When linkage was first applied to complex disorders it was performed using the established methods of the time, which required determining, a priori, an inheritance model. Many early efforts failed to find linkage and often declared exclusion of parts of the genome based on such analyses. It was slowly becoming clear however that the common disorders were much more likely to involve more than a single gene and that the “mutations” involved were likely to cause disease in some but not all carriers, consistent with prior segregation analyses results for schizophrenia (13). Traditional linkage methods were not meant for the investigation of such diseases. Numerous efforts for the development of new approaches to linkage analysis were undertaken in the 1990’s, most of which involved what eventually became the standard for linkage analysis of complex disorders, the analysis of shared alleles in each genomic location between affected relatives compared to the expected allele sharing for each type of pair of relatives. This makes a sacrifice in power, but avoids assumptions about inheritance, bypassing a significant problem of parametric linkage. At the same time, technologies were developed allowing genotyping of short tandem repeat (STR) markers without polyacrylamide gels or radioactivity and with extensive marker multiplexing. It became possible to survey the genome at a cost and time investment that was realistic. Whole genome linkage studies were soon being published monthly or weekly. The results, however, did not deliver on the expectations. Linkage signals were most often weak, not providing the strong evidence for disease loci everyone hoped for. In 1995 Lander and Kruglyak (14) formalized the criteria for declaring genome-wide significant linkage. Very few studies met these criteria and the few loci that did almost invariably did not replicate in other samples. Complex disease genetics and psychiatric genetics were going through a confidence crisis.
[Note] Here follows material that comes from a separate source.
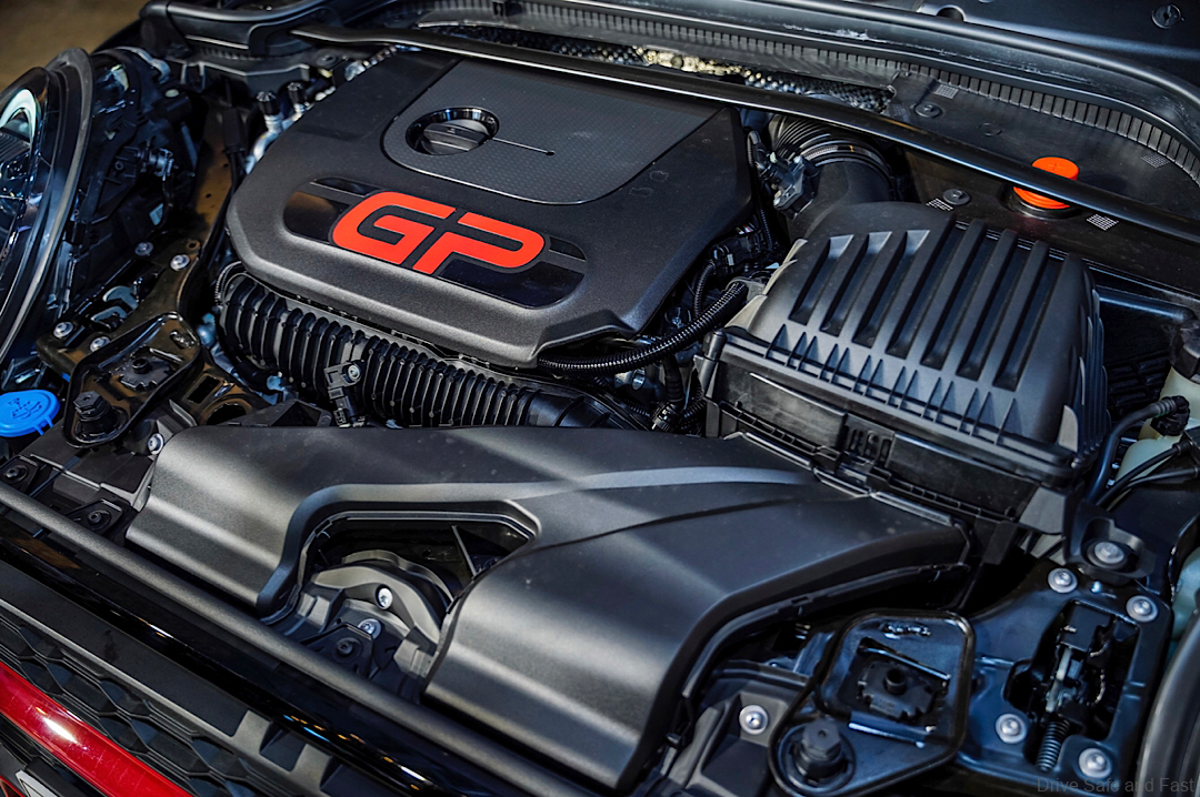 The MINI John Cooper Works GP comes with the highest output engine to ever be put into a production MINI 3-Door. The 2-litre TwinPower Turbo petrol engine produces 306hp and 450Nm of torque. It sprints from 0-100km/h in just 5.2 seconds and has a max speed of 265km/h. An 8-speed Steptronic transmission with mechanical differential lock is featured here.

Just one year later, in a paper that had a very strong influence in the field of complex disease genetics, Rish and Merikangas (15) showed that, if complex disorders were due to common genetic variants with small effects, linkage studies would need to examine many thousands of families to identify such loci. They also showed that performing genetic association studies rather than linkage was far more powerful for discovering these loci. At that time the genotyping technologies did not allow a genome-wide scan for association and such studies were only performed in small scale for individual candidate genes and were often reserved for following up linkage signals. Today, through the use of microarrays and other similar array-based technologies, genotyping a million SNPs across the genome has become both fast and affordable and genome-wide association studies (GWAS) have mostly replaced linkage in the exploration of complex disorders. The few linkage studies that are now performed use SNP markers, genotyped in large numbers to match and exceed the high information content of microsatellites. The genetic effect sizes of common alleles uncovered by most GWAS are so small that one would need millions of families to detect them by linkage, which seems to be a justification for favoring GWAS. One, however, needs to be careful when comparing linkage and association. As opposed to association studies, linkage would detect a disease locus with multiple rare disease risk alleles, provided their combined effect is substantial. In view of the most recent GWAS results where the identified variants do not explain much of the heritability of the respective disorders (16), linkage is starting to look attractive again as it could provide target regions for next generation sequencing and allow the inference of mutation segregation across pedigrees, leading to the discovery of disease variants not visible by GWAS.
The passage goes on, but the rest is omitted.